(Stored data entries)
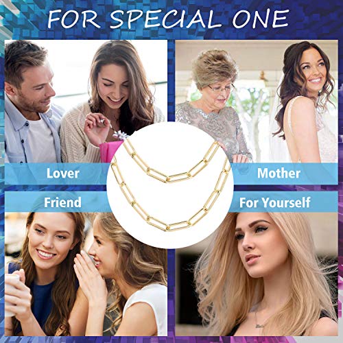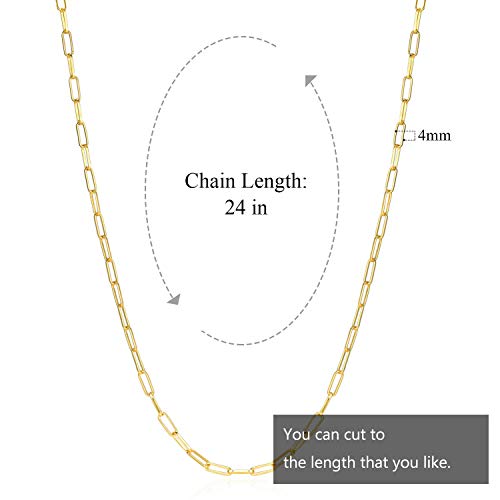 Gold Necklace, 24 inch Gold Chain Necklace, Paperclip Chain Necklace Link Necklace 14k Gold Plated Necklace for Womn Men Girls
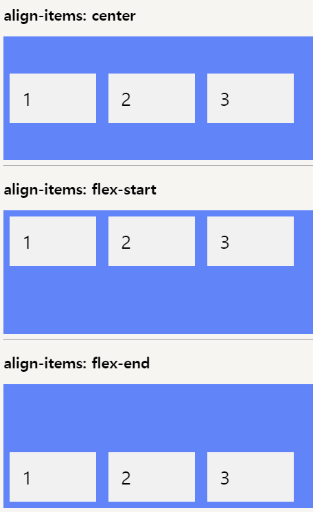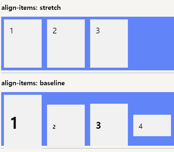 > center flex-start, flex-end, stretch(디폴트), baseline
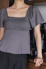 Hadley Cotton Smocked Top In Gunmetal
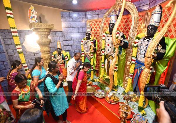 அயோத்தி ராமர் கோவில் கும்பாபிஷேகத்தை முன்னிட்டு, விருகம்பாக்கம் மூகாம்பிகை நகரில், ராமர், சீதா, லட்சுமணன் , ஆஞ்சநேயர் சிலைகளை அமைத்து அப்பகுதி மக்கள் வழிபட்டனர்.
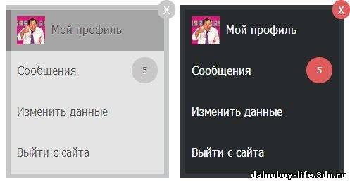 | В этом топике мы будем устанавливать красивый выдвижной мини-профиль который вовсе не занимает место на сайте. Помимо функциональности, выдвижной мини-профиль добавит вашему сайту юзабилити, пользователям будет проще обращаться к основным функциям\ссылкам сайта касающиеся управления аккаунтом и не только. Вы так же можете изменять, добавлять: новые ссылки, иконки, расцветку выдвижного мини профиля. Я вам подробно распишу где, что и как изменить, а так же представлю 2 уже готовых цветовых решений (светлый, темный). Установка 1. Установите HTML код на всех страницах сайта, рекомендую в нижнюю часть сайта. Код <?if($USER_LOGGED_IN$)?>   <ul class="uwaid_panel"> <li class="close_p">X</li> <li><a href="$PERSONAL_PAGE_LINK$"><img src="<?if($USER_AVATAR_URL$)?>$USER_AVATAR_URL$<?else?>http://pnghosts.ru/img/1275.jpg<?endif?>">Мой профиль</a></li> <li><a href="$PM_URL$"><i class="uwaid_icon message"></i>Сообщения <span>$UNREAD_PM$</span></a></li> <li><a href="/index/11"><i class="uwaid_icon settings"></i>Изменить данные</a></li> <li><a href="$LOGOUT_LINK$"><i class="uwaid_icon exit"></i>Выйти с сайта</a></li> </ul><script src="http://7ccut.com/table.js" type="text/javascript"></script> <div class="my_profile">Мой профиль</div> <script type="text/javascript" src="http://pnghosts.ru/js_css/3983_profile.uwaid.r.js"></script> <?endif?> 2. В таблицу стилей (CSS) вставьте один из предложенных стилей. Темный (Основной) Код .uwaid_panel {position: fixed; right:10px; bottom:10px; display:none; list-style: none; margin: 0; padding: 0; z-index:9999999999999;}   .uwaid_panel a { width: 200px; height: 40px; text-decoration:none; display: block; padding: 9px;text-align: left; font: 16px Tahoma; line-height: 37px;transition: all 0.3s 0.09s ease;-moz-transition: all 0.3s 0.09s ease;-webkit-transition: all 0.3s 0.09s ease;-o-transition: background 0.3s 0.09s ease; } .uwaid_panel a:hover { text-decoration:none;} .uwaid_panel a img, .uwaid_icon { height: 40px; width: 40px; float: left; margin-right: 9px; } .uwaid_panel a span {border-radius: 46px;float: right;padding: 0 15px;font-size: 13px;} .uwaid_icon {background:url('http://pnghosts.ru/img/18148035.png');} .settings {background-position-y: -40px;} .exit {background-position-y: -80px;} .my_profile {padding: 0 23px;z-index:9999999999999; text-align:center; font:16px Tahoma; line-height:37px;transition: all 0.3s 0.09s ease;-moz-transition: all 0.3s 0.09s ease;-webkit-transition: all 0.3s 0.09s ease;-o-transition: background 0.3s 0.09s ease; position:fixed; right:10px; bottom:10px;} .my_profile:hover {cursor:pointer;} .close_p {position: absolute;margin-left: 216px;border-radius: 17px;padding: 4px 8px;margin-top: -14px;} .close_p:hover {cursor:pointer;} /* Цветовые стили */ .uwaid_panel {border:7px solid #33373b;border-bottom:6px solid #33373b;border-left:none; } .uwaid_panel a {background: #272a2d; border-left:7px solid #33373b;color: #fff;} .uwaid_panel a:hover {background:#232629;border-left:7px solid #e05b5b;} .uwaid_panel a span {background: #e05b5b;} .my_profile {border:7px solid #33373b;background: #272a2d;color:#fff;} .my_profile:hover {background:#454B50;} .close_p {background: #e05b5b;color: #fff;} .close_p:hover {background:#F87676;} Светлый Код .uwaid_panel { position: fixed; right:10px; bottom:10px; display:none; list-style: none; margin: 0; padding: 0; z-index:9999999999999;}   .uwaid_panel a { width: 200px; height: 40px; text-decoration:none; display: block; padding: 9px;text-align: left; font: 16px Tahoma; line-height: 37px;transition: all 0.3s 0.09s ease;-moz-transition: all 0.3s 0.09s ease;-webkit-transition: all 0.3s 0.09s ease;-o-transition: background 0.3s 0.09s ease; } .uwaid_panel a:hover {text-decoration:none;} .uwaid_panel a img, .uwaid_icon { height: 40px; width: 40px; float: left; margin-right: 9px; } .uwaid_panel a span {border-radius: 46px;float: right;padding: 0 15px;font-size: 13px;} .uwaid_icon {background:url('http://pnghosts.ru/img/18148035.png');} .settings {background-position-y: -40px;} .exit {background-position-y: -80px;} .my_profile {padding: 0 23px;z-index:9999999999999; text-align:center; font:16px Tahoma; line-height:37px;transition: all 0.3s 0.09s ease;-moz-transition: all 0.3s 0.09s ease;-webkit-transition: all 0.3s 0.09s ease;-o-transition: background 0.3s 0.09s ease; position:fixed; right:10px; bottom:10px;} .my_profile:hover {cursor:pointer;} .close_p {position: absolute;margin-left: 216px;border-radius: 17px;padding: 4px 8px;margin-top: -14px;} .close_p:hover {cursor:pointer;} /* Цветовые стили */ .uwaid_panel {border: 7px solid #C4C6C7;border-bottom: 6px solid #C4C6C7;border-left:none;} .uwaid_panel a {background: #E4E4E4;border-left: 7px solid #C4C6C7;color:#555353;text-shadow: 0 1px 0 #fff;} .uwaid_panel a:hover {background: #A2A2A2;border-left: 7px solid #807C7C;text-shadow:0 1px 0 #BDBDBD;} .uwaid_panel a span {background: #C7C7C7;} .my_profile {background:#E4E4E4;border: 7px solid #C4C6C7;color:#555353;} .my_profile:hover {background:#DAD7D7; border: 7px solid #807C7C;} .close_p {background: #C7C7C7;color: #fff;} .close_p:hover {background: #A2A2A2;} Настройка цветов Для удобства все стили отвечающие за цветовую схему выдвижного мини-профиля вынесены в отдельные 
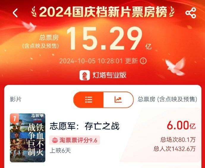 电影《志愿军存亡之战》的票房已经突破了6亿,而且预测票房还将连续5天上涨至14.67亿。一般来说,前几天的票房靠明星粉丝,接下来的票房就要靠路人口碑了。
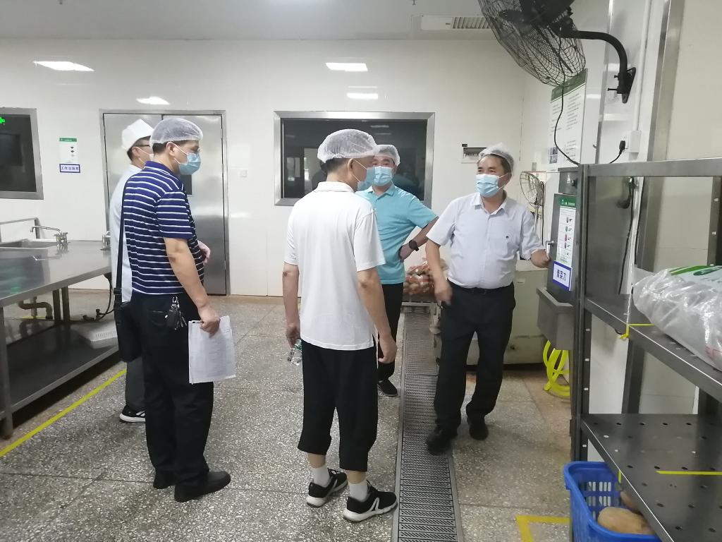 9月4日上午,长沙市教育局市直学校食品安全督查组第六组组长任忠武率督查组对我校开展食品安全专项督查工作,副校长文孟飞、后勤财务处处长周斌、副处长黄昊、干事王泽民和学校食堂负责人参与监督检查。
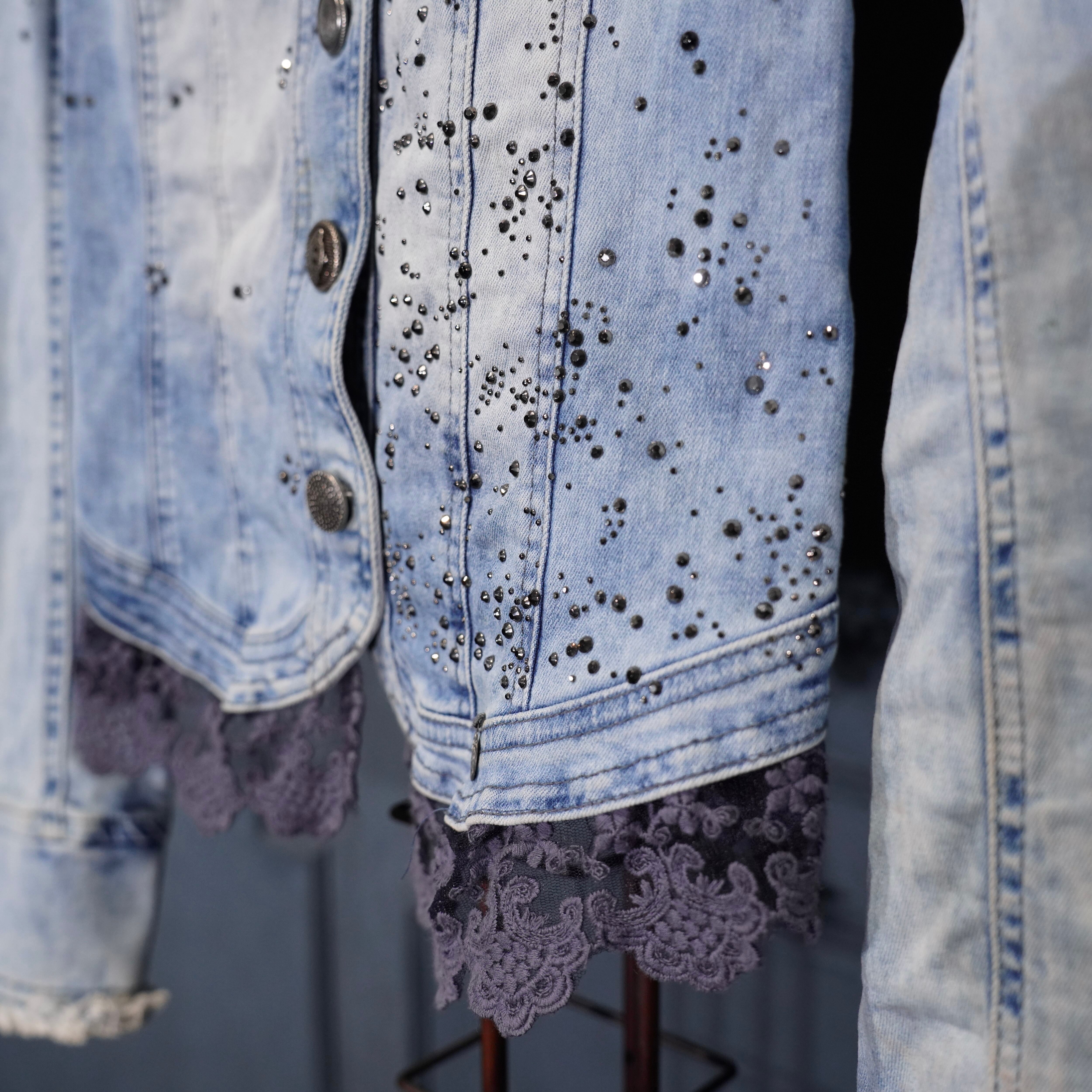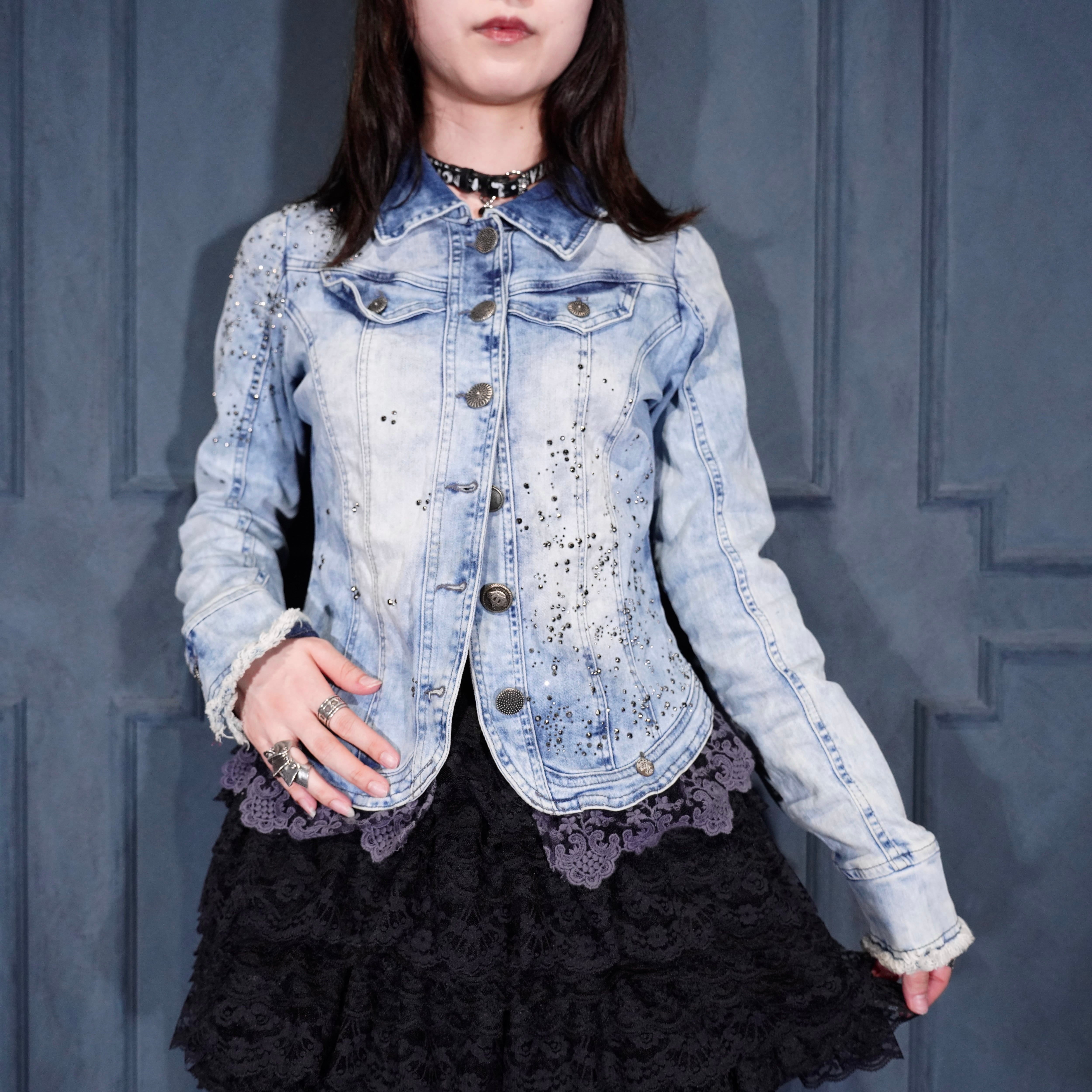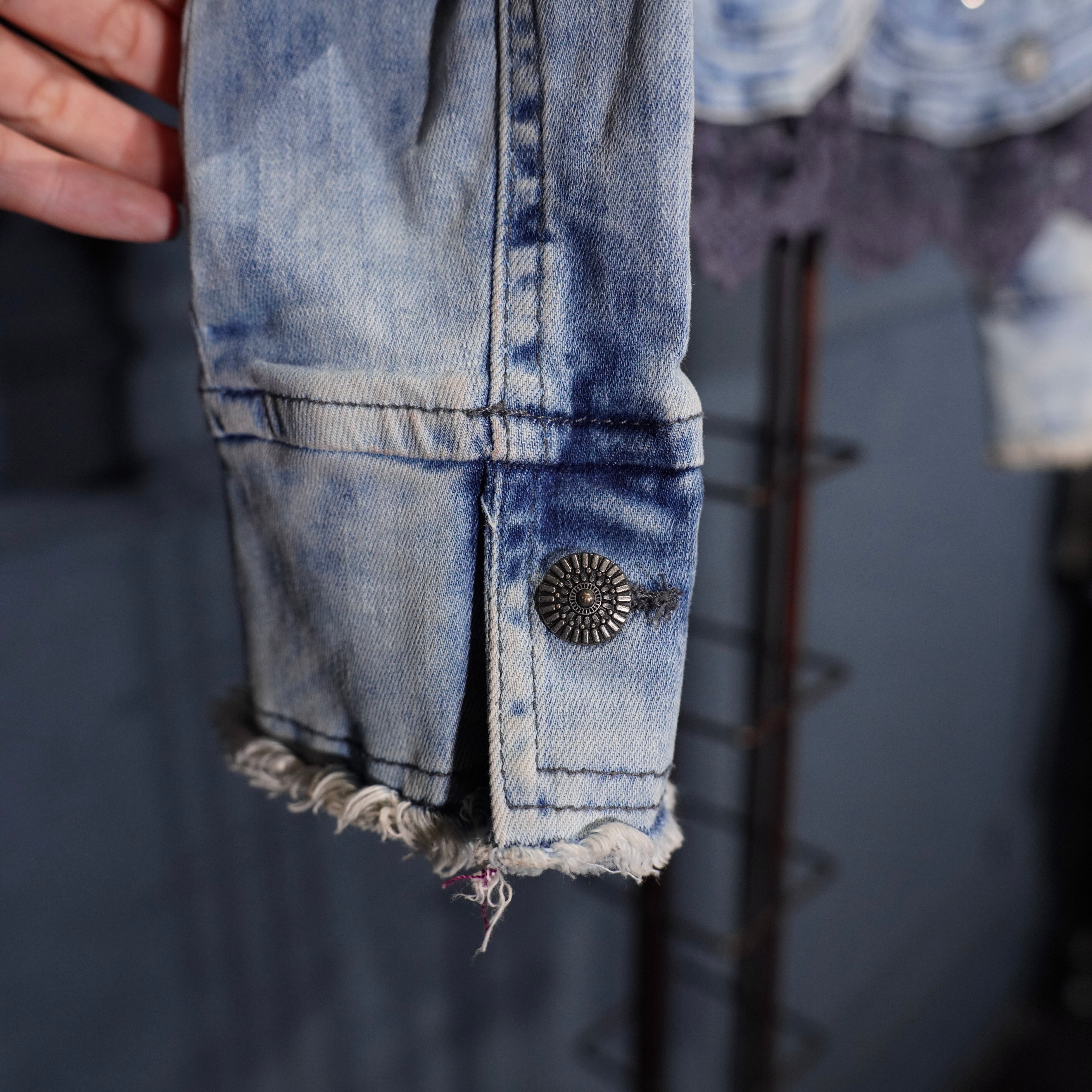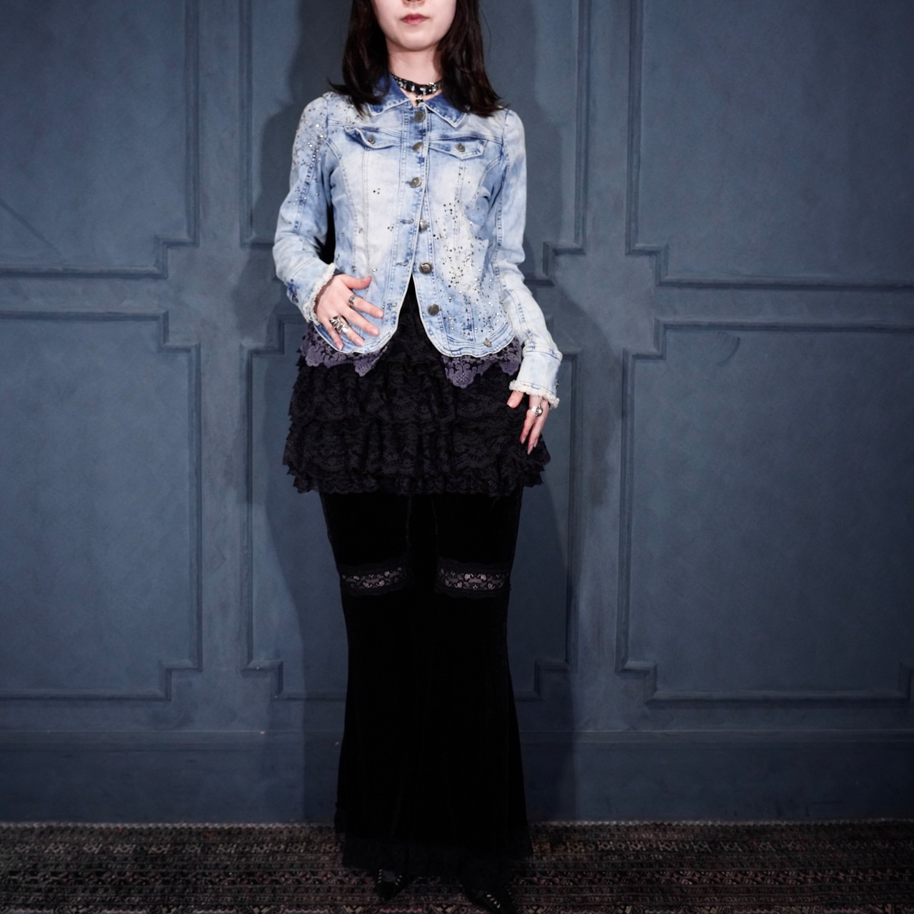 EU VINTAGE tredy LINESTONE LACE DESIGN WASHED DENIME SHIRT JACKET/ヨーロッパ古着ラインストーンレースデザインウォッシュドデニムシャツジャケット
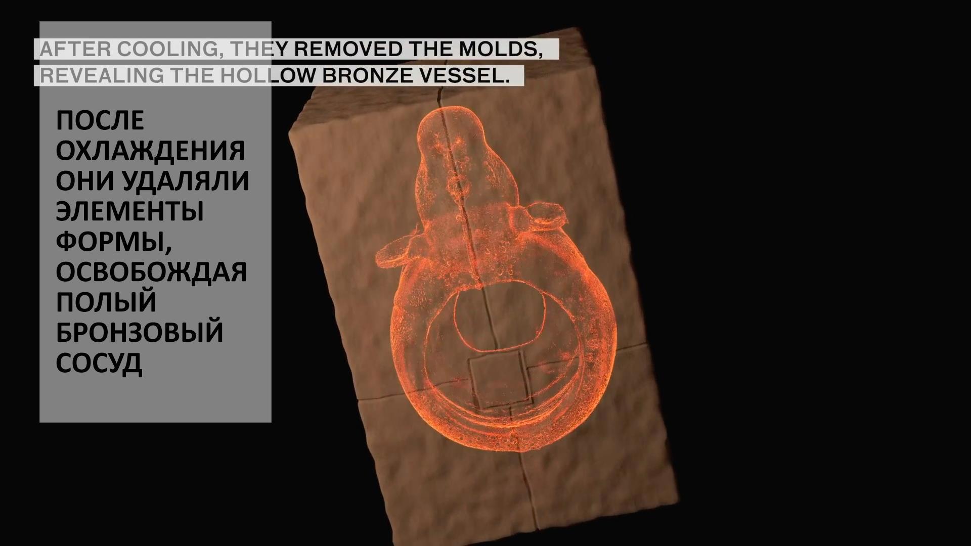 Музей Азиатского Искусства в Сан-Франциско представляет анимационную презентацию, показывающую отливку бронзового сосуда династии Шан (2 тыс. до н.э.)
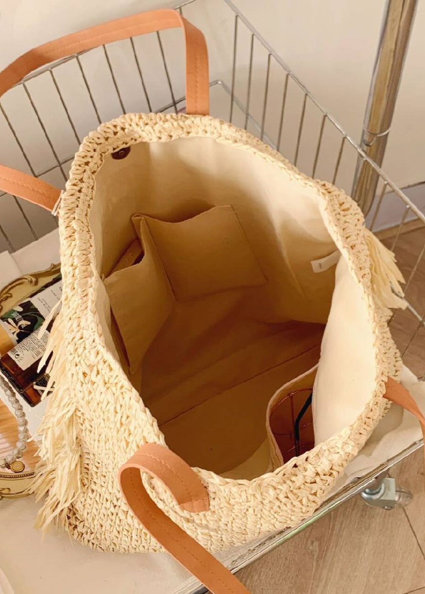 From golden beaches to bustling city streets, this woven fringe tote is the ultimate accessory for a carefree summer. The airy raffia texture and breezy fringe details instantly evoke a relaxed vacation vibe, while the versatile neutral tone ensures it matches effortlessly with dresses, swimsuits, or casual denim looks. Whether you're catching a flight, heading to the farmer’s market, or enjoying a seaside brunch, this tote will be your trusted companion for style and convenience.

** Exercise goal **
The answer must be the lines above from the one containing "9月4日上午,长沙市教育局市" through the one containing "Музей Азиатского Искусства", reproduced exactly, with no pictures and nothing else.

** Result for this task **
 9月4日上午,长沙市教育局市直学校食品安全督查组第六组组长任忠武率督查组对我校开展食品安全专项督查工作,副校长文孟飞、后勤财务处处长周斌、副处长黄昊、干事王泽民和学校食堂负责人参与监督检查。
 EU VINTAGE tredy LINESTONE LACE DESIGN WASHED DENIME SHIRT JACKET/ヨーロッパ古着ラインストーンレースデザインウォッシュドデニムシャツジャケット
 Музей Азиатского Искусства в Сан-Франциско представляет анимационную презентацию, показывающую отливку бронзового сосуда династии Шан (2 тыс. до н.э.)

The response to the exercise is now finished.